**How to complete this task**
Transcribe the listing below exactly, from its first line through the line with "C2741 Maracanà di". Omit the pictures.

**Data segment**
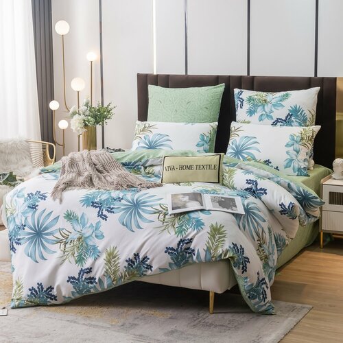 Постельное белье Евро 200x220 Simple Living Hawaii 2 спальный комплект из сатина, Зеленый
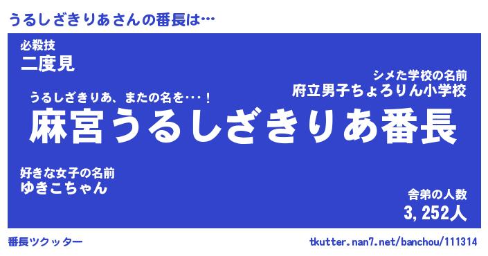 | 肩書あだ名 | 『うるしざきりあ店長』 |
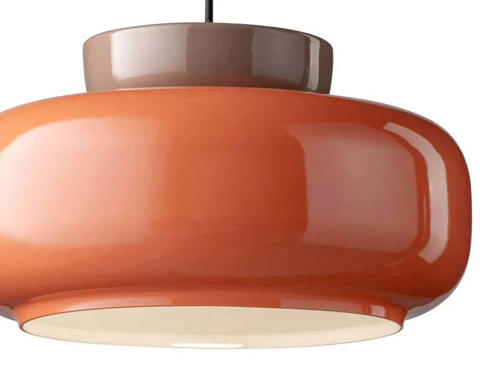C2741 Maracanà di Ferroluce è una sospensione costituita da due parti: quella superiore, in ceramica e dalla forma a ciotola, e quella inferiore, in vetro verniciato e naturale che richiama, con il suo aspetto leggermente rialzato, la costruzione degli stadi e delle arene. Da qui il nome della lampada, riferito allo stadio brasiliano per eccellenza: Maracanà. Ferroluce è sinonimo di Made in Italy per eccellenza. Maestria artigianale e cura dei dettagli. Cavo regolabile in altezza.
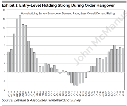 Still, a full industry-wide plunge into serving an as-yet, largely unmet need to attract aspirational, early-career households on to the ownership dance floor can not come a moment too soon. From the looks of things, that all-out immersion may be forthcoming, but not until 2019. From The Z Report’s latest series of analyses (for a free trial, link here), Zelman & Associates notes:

**Final answer**
 Постельное белье Евро 200x220 Simple Living Hawaii 2 спальный комплект из сатина, Зеленый
 | 肩書あだ名 | 『うるしざきりあ店長』 |
C2741 Maracanà di Ferroluce è una sospensione costituita da due parti: quella superiore, in ceramica e dalla forma a ciotola, e quella inferiore, in vetro verniciato e naturale che richiama, con il suo aspetto leggermente rialzato, la costruzione degli stadi e delle arene. Da qui il nome della lampada, riferito allo stadio brasiliano per eccellenza: Maracanà. Ferroluce è sinonimo di Made in Italy per eccellenza. Maestria artigianale e cura dei dettagli. Cavo regolabile in altezza.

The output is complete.